The department’s latest annual report on global money laundering describes Kenya as the financial hub of East Africa and “at the forefront of mobile banking.”
About 159,000 mobile-money agents do business in Kenya, mostly through Safaricom’s M-Pesa system, the report notes.
It adds that M-Shwari, Safaricom’s online banking service, includes more than 10 million accounts.
“These services remain vulnerable to money laundering activities,” the report declares.
But the director for corporate affairs at Safaricom, Stephen Chege, said, in response, that M-Pesa is in compliance with “stringent global financial services standards for anti-money laundering.”
“Safaricom is subject to Central Bank oversight. We are a reporting institution under the Proceeds of Crime and Money Laundering (Amendment) Act, 2012 and we file our reports with the Financial Reporting Centre in Kenya,” said Mr Chege.
The US cites difficulties in tracking and investigating suspicious transactions within Kenya’s mobile payment and banking systems.
The report offers the example of criminals being potentially able to use illicit funds to purchase mobile credits at amounts below reporting thresholds.
Safaricom, however, said every customer using M-Pesa is required to register and each transaction into and out of M-Pesa can be tracked and traced via an individual transaction number.
“This provides a comprehensive transaction history, enabling us to alert the authorities to any wrongdoing as soon as it comes to light and provide them with a detailed audit trail,” said Mr Chege.
The 203-page global survey by the State Department’s Bureau for International Narcotics and Law Enforcement Affairs also points in its Kenya section to a “lack of rigorous enforcement in this sector, coupled with inadequate reporting” on the part of entities that go unnamed in the report.
Another weakness, the report adds, is the poor protection of confidentiality in the process of obtaining court orders allowing police to demand bank records or seize accounts.
Investigators are required to present judges with evidence linking deposits to criminal violations.

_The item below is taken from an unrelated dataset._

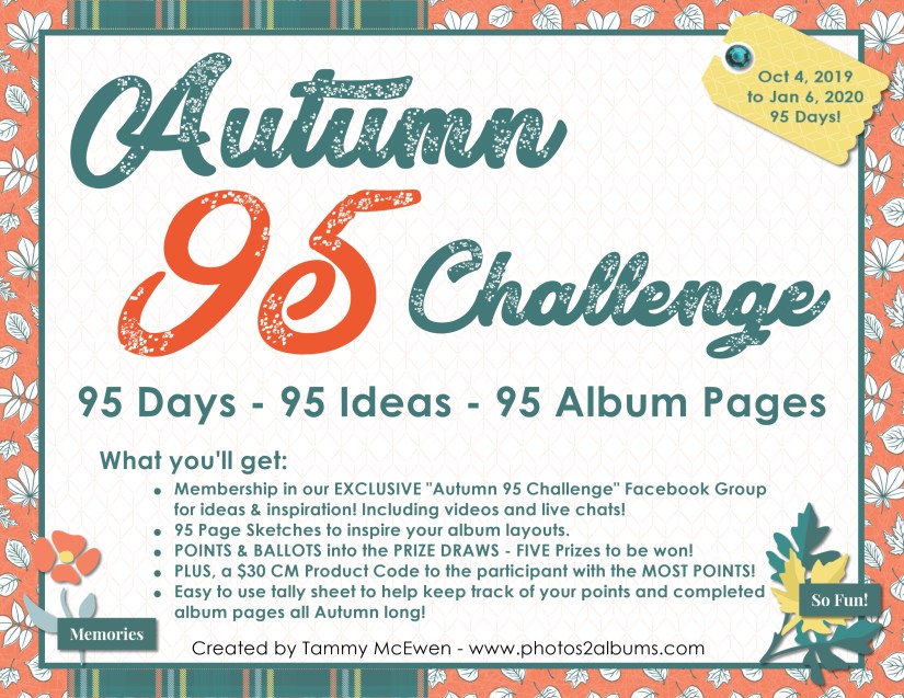 Are you looking for scrapbooking ideas & inspiration to help keep you motivated to get your photos into albums this autumn? Are you looking for new techniques or a reminder of ones you may have forgotten? Are you looking for a way tackle that backlog of photos and albums? Then take a look below at the Autumn 95 Challenge! In 95 Days, it will give 95 Ideas to help you complete 95 Pages – that’s a page a day! PLUS we’ll have a little FUN along the way!

But because “the confidentiality of this process is not well maintained,” account holders can be tipped off to police activity and thus enabled to move their assets or contest court orders, the report says.
Money laundering in Kenya also takes place through “thriving unregulated networks of hawalas and other unlicensed remittance systems,” the US adds.
These operations “lack transparency and facilitate cash-based, unreported transfers that the government cannot track,” according to the report.
The Kenyan government has made “some progress” in fulfilling commitments it made in 2015 to strengthen its anti-money-laundering regime, the State Department finds.
Officials pledged then to work with international partners to carry out a risk assessment for money laundering and to facilitate Kenya’s full implementation of its rules and regulations.
The government also said it would work toward membership of the Egmont Group, a network comprised of 152 national financial intelligence units. Kenya has not yet met the requirements for joining the group.